Bell Canada is on track with its fiber-based broadband expansion plans, with plans to reach nearly 3 million locations by the end of the year.
Speaking to investors during its fourth quarter 2015 earnings call, Bell Canada CEO George Cope said that the provider will continue to aggressively build out a mix of FTTH and fiber-to-the-node (FTTN) as part of its broader broadband expansion plan.
"Turning to our network for 2016, we expect by the end of '16 to have about 8.2 million locations that will either have access to fiber to the node or fiber to the premise," said Cope, according to a Seeking Alpha transcript. "The Toronto overlay will continue through 2016 and into 2017. We would expect at the end of 2016 to have about 3 million of our footprint covered with 1-gig services."
It appears to be on track to meet that gigabit connections goal. Bell Canada has extended the reach of its 1 Gbps FTTH service Gigabit Fibe to over 2.2 million homes across Quebec, Ontario, and the Atlantic region of Canada as of the end of 2015.
But 1 Gbps is only one part of Bell Canada's gigabit broadband desires. Similar to pioneering municipal provider EPB Fiber, Bell Canada has intimated that its FTTH build could serve as a foundation to deliver 10 Gbps by 2017.
Besides offering higher speeds for customers and businesses, Bell Canada sees potential cost savings from rolling fiber-to-the-premises (FTTP) due to reduced maintenance costs that are hard to achieve on existing copper network infrastructure.
"We are seeing that we have got 2.2 million customers on wireline, on fiber what we would call service calls or assurance calls, the difference between fiber and FTTN, not just DSL is about a 50% reduction in service calls," Cope said. "As we migrate that footprint out, you can imagine a lot less repairs, that will provide us operating cost savings."
Bell Canada's outlook on FTTH installation and maintenance of copper networks mirrors Verizon's copper-to-fiber migration. In recent years, Verizon has been replacing aging copper infrastructure serving its POTS customers with fiber.
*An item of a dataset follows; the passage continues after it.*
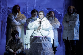 The contingent, from Austin, Texas, provides Dostoevsky characters: Fyodor (Lowell Bartholomee) is large, round, and loud-mouthed. Fyodor is something of a blowhard, a man who has married twice and is far from shy with his opinions. As a dad, he is not particularly kind to his offspring. All of the sons, it seems, would be pleased if he were no longer alive. Ivan (Thomas Graves) is one of his sons, a bearded, lanky man who professes to write poetry but is actually more of a philosopher. One of the less favorable sequences of the evening finds him reading from his own poem entitled "The Grand Inquisitor." Dmitri (Lana Lesley) is the eldest son and he spends much of his time speaking of his love for Grushenka (Hannah Kenah). Grushenka likes men. Alyosha (Mari Akita) is graceful, likable, and drawn to religion. She dances exquisitely. Smerdyakov (Robert S. Fisher) has little impact upon the goings-on. He is an illegitimate son of Fyodor. The company of Rude Mechs work together to craft a unique show. Hannah Kenah (credited with text writing) effectively plays Grigory, Katya, and Grushenka. As Katya, she opens the performance with stand-up remarks, humor and advisories as she appears down stage with a microphone. Yale Rep commissioned this piece and the troupe members collaborate in development. It has taken three years. Shawn Sides directs Field Guide which is mind-expanding, experimental and sometimes surreal. For example, each actor enters the stage from the same side theater door wearing white, puffy winter coats. A couple of times, later on, a great big comic bear joins the proceedings. The bear gets to wield a mike and says, "We were raised to argue." The costuming, by Sarah Woodham, is a huge asset as is music provided by Graham Reynolds. Robert S. Fisher's sound delivery, too, is pivotal. Eric Dyer's set might appear to be simple but it is quite appropriate. Dyer includes geometric pieces which are designed to move about. You might wonder whether it is essential to have mastery over the 975 page novel beforehand. No, but it helps, perhaps, to have a basic sense of the characters. The production bids that a theatergoer enter with an open mind. The show is, to wildly understate, innovative. It demands that actors be physical since this is far from a words-only production. While it includes surprising if not startling choices, nothing is haphazard. For Field Guide, method fuses with imagination. Rude Mechs was formed in 1996 and the result is 30 works. The creative team and acting ensemble include seasoned individuals. They are not adapting Dostoevsky. The Russian author wrote his massive book when he was older and it delves into the existence of God and much more. It isn't possible or wise to attempt to replicate all. Instead, the play dips into the novel and extracts people and circumstances. The artistic journey leads to further exploration. Without spoiling artistic revelation, suffice to say that the final scenes of Field Guide shift into a peaceful and then lighter, more optimistic direction. This spin leans toward hope for more meaningful existence. Field Guide, through February 17, 2018, at Yale Repertory Theatre in New Haven, Connecticut. For tickets, call (203) 432-1234 or visit yalerep.org. |

Whether over FTTN or FTTH, broadband subscriber counts continued to rise during the fourth quarter. However, like its U.S. counterparts AT&T (NYSE: T) and Verizon (NYSE: VZ), Bell Canada saw overall growth decline year-over-year.
Bell Canada was able to pull through 39,000 Internet net adds, but that figure was down from the 52,010 subscribers it added in the same period a year ago.
The service provider said that despite 12 percent higher retail residential additions in the fourth quarter, "reflecting stronger growth in Quebec and Ontario, total Internet net additions were down compared to a year earlier, the result of lower wholesale net customer additions."